DATA SECTION —
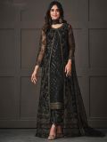 Spread cheer and happiness adorning this black color jacket style slitted kameez in net. Augmented using sequins and dori work embroidery all over. Available with a black embroidered dupatta in net and matching pants in satin. Note: Accessories shown are for styling purpose only. Slight color variation may occur due to photographic reasons. The semi-stitched kameez can be customised upto 42 inches.
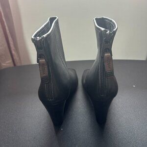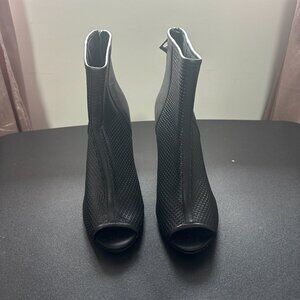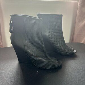 Leather wedge booties with open-toe feature. 95mm heel (3.5”). Back zippers (one is a little tight when opening but it's not broken). Never worn!
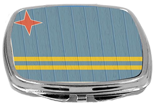 Rikki Knight Compact Mirror on Distressed Wood Design, Aruba Flag, 3 Ounce
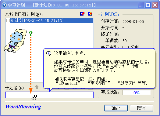 使用风暴助手来获得即时的画面帮助 ![]() ![]() 蓝色精灵、水晶风暴、快乐风暴 您选择哪一位作为您的助手呢? 介绍如何创建用户并登录进入主画面 介绍如何建立用户、标记单词、实施学习计划、使用学习向导…… 单词风暴提供了多种复习方法,使用“艾宾浩斯”遗忘曲线理论、统计分析图、使用学习向导…… 备份数据?很简单吗? 休闲、背单词两不误,单词风暴独创的聊天背单词非常有趣和实用。迷你背单词使用单词滚动条方式在空闲时间学习,随时可以背单词。 介绍如何使用设置和选项,设定外接词典、积分策略…… 注册须知以及软件许可协议。 一、使用风暴助手单词风暴使用了很有特色的帮助系统,通过卡通人物对话来帮助您使用本软件,既有趣又实用。随时按F1键就能显示卡通助手,再次按下F1就能显示画面的帮助了。 漫画书中经常可以看到人物头上弹出一个“气泡”,里面写着说话的内容。风暴助手也是使用这种方式和您“对话”的。 “对话”在显示一定时间后会自动消失,如果要避免它消失,可以单击左下角的蓝色图钉来钉住“对话”。您也可以双击 (或者右键单击)对话来关闭它。“对话”窗口可以拖动到任意地方。 “风暴助手”旁边的问号可以拖动,用它来指向程序中的输入框和按钮,就可以看到这个控件的帮助。这时候,如果将鼠标移动到“对话”上,就能看到蓝色图钉出现,松开鼠标即可钉住。
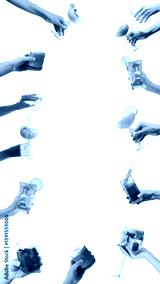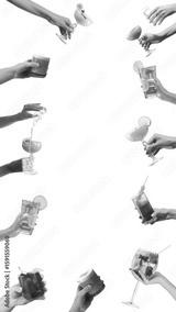 Collage of vibrant cocktails and pouring motion with clean white background. Concept of drink recipe design, modern bar ads, creative beverage content, food and drink UX, UI.
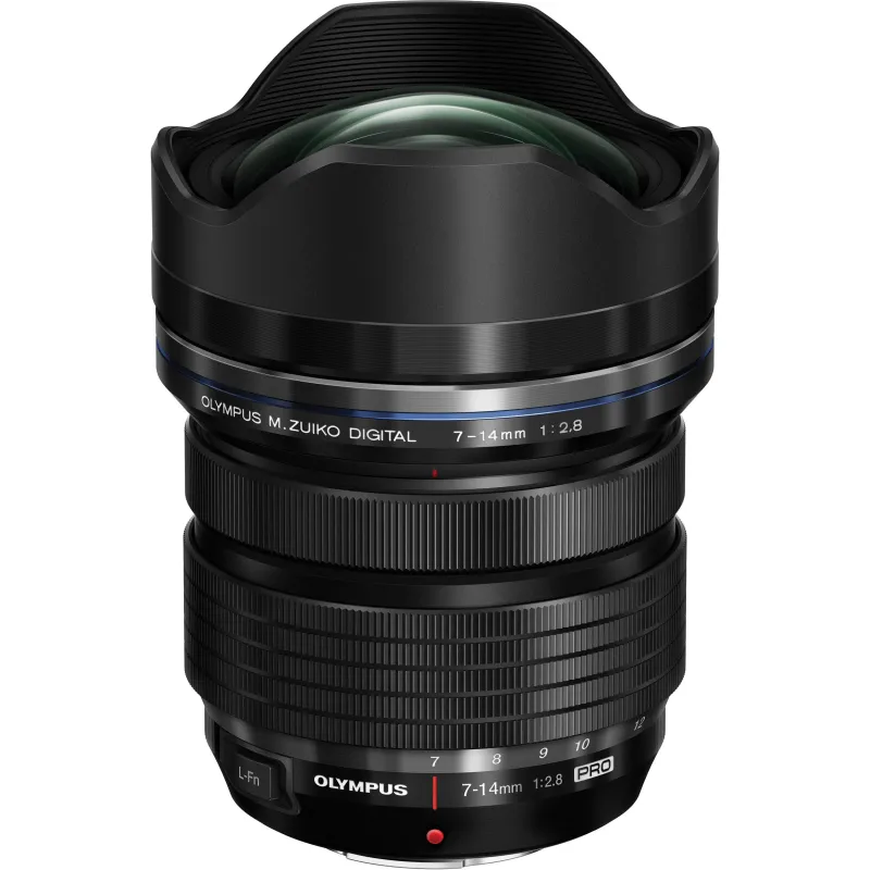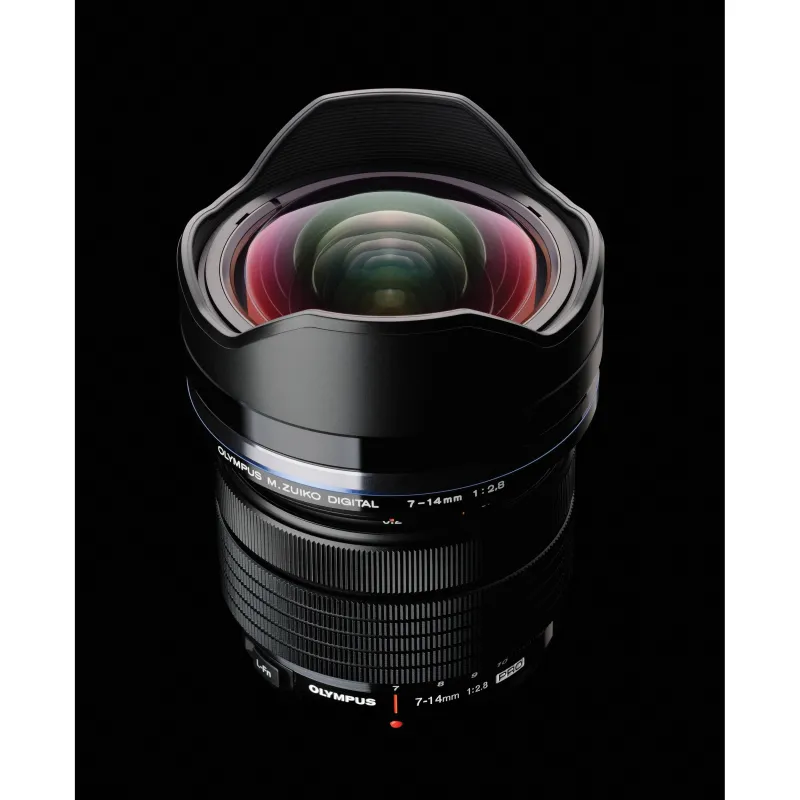 Universāls platleņķa tālummaiņas objektīvs Micro Four Thirds bezspoguļa kamerām, Olympus M.ZUIKO Digital ED 7-14mm f/2.8 PRO obje ktīvs ir 14-28 mm ekvivalenta objektīvs ar konstantu f/2.8 maksimālo f/2.8 aperture, kas nodrošina nemainīgu veiktspēju visā tālummaiņas diapazonā. Konstrukcijā ir iestrādāti dažādi asfēriskie, īpaši zemas dispersijas un augsta refrakcijas indeksa elementi, kas palīdz samazināt hromatiskās aberācijas un izkropļojumus, nodrošinot lielāku skaidrību un asumu. Turklāt elementiem ir uzklāts ZERO pārklājums, lai kontrolētu atspīdumus un spoku veidošanos, tādējādi uzlabojot kontrastu un krāsu precizitāti. Laikapstākļu izturīgs dizains atvieglo lietošanu grūtos apstākļos, savukārt L-Fn poga nodrošina objektīvā balstītu dažādu iestatījumu kontroli. Šis Micro Four Thirds objektīvs ir ātrs, augstas veiktspējas platleņķa tālummaiņas objektīvs, kas apvieno optimizētu optisko izkārtojumu ar izsmalcinātām fiziskām detaļām, lai izceltos dažādos darba apstākļos.
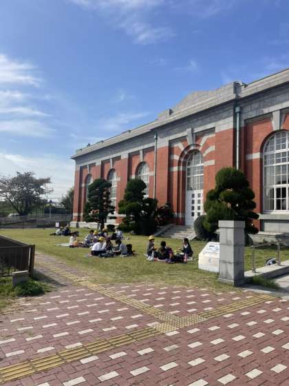 浄水場を見学した後、広場の芝生でお弁当を食べました。
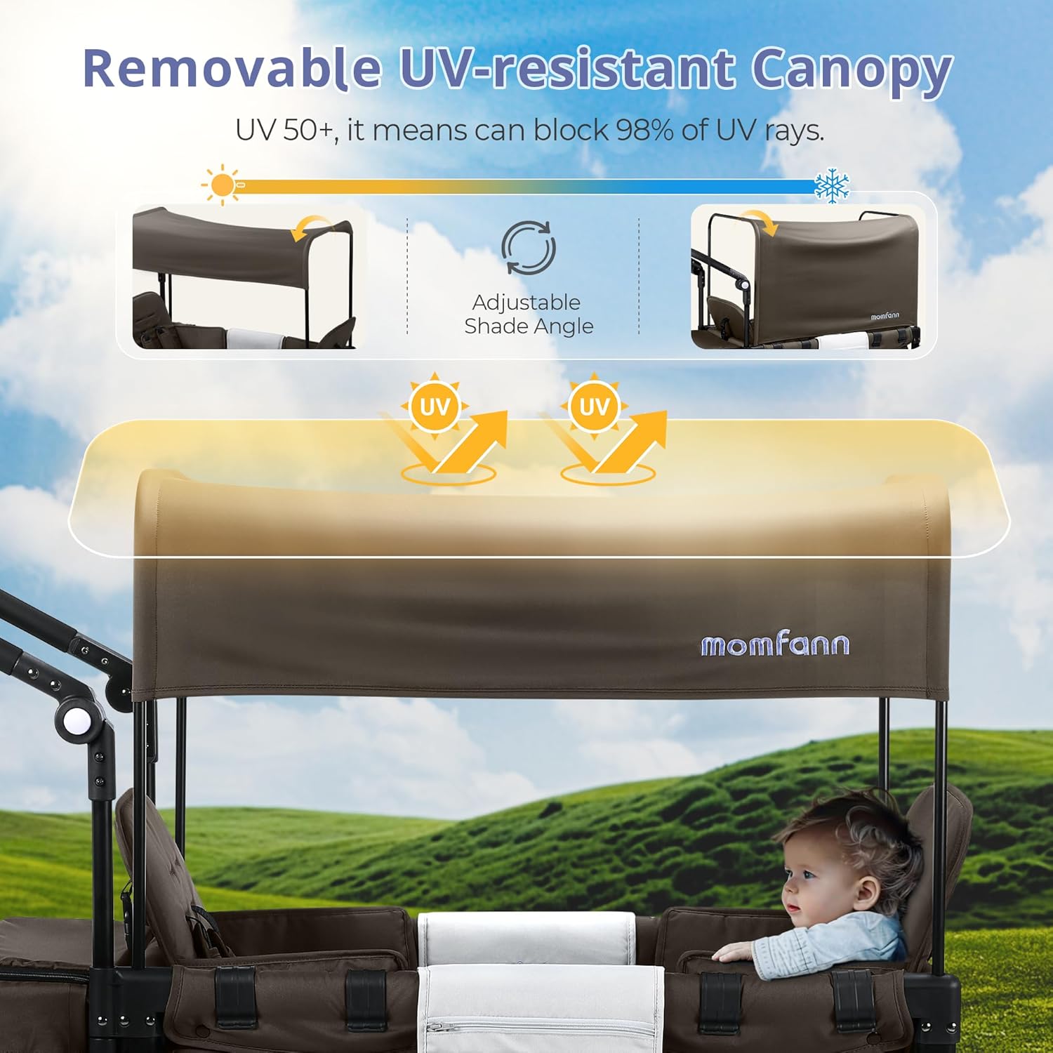 •  Your Adventure Buddy: Designed for ultimate flexibility, this durable double-seater wagon stroller lets you push or pull with ease. For navigating grasslands, parks, and campgrounds, it’s the ideal outdoor companion for two kids.
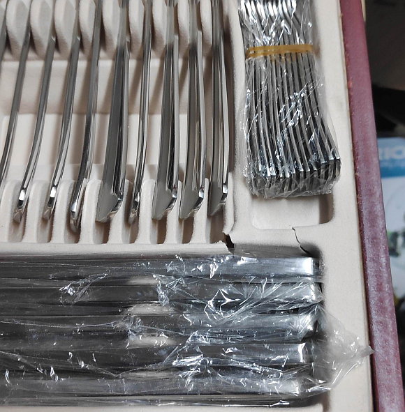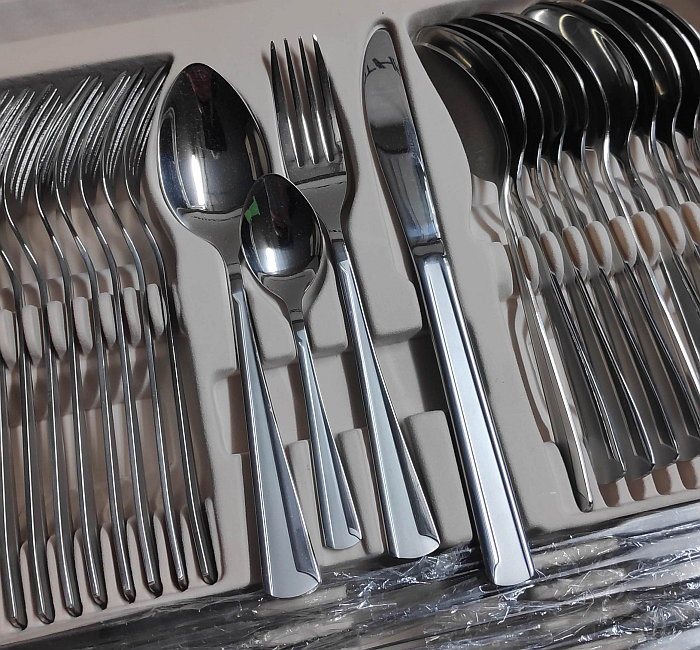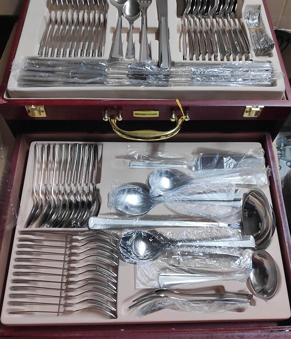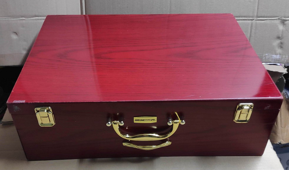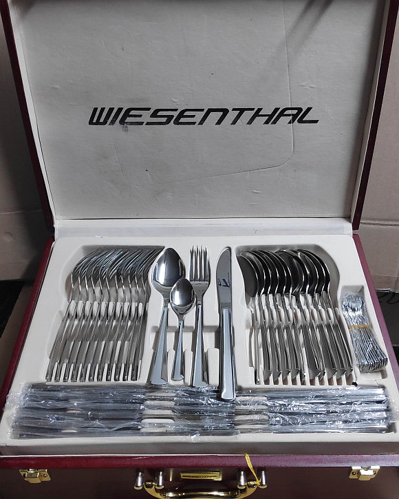 Komplet sztućców Wiesenthal 84el w satynie w kasecie drewnianej. Zestaw z takimi dłuższymi nożami i głębszymi łyżkami. Lekko pęknięta wkładka jak na ostatnim zdjęciu.
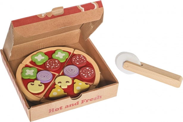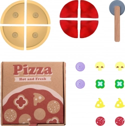 Drvena igračka za djecu predstavlja realističan set pizze koji pruža zabavu i potiče dječju kreativnost. Sigurna igračka sastoji se od 20 elemenata, uključujući drveni rezač i sastojke na čičak. Samih dijelovi su u živim bojama, bez oštrih rubova i izrađeni od kvalitetnog prirodnog drva obojenog netoksičnim bojama.
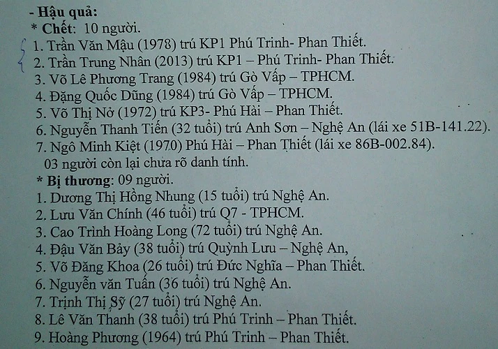 Hiện 7 trong số 10 nạn nhân đã được xác định danh tính. Trong số đó có hai tài xế Nguyễn Thanh Tiến (32 tuổi, ngụ Anh Sơn, Nghệ An) điều khiển ô tô 50 chỗ giường nằm 51B – 141.22 và Ngô Minh Kiệt (45 tuổi, ngụ phường Phú Hài) điều khiển ô tô 30 chỗ 86B – 00284.
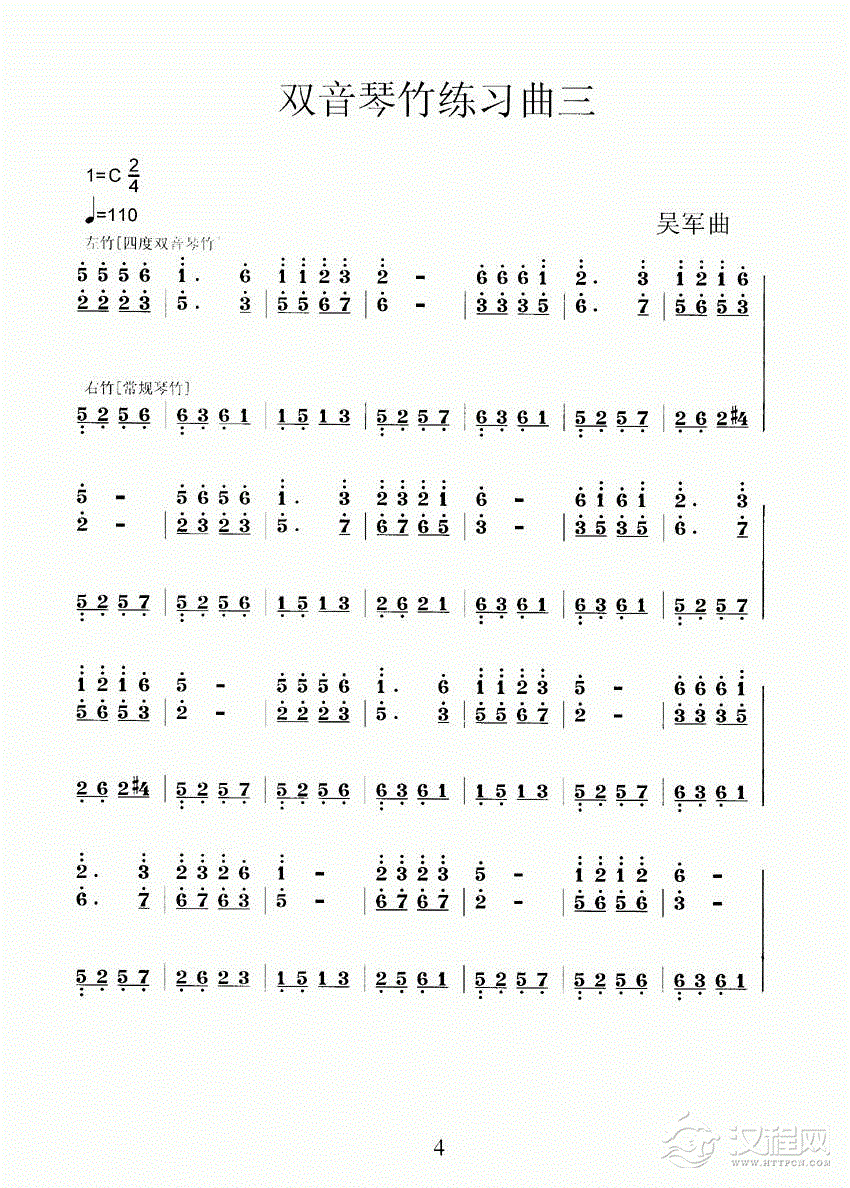曲谱大全扬琴曲谱:扬琴双音琴竹练习曲30首之四
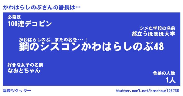 | 意味不明あだ名 | 『ペロリンかわはらしのぶ』 |
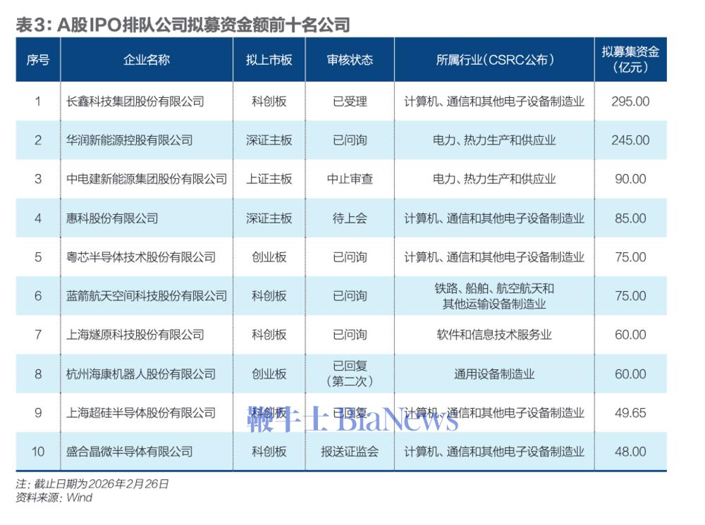 从排队上市的企业来看,截至2026年2月26日,341家A股IPO排队公司合计拟募资金额3447亿元。其中,拟登陆科创板、创业板、北交所的公司数量合计占比超八成;募资金额合计占比超七成。

WHAT TO WORK ON — Find the line with "Rikki Knight Compact" and the line with "使用风暴助手来获得即时的画面帮助 ![]() ![]()" in the records above. Copy both and all lines between them exactly, without pictures.

RESULT OF THIS EXERCISE —
 Rikki Knight Compact Mirror on Distressed Wood Design, Aruba Flag, 3 Ounce
 使用风暴助手来获得即时的画面帮助 ![]() ![]() 蓝色精灵、水晶风暴、快乐风暴 您选择哪一位作为您的助手呢? 介绍如何创建用户并登录进入主画面 介绍如何建立用户、标记单词、实施学习计划、使用学习向导…… 单词风暴提供了多种复习方法,使用“艾宾浩斯”遗忘曲线理论、统计分析图、使用学习向导…… 备份数据?很简单吗? 休闲、背单词两不误,单词风暴独创的聊天背单词非常有趣和实用。迷你背单词使用单词滚动条方式在空闲时间学习,随时可以背单词。 介绍如何使用设置和选项,设定外接词典、积分策略…… 注册须知以及软件许可协议。 一、使用风暴助手单词风暴使用了很有特色的帮助系统,通过卡通人物对话来帮助您使用本软件,既有趣又实用。随时按F1键就能显示卡通助手,再次按下F1就能显示画面的帮助了。 漫画书中经常可以看到人物头上弹出一个“气泡”,里面写着说话的内容。风暴助手也是使用这种方式和您“对话”的。 “对话”在显示一定时间后会自动消失,如果要避免它消失,可以单击左下角的蓝色图钉来钉住“对话”。您也可以双击 (或者右键单击)对话来关闭它。“对话”窗口可以拖动到任意地方。 “风暴助手”旁边的问号可以拖动,用它来指向程序中的输入框和按钮,就可以看到这个控件的帮助。这时候,如果将鼠标移动到“对话”上,就能看到蓝色图钉出现,松开鼠标即可钉住。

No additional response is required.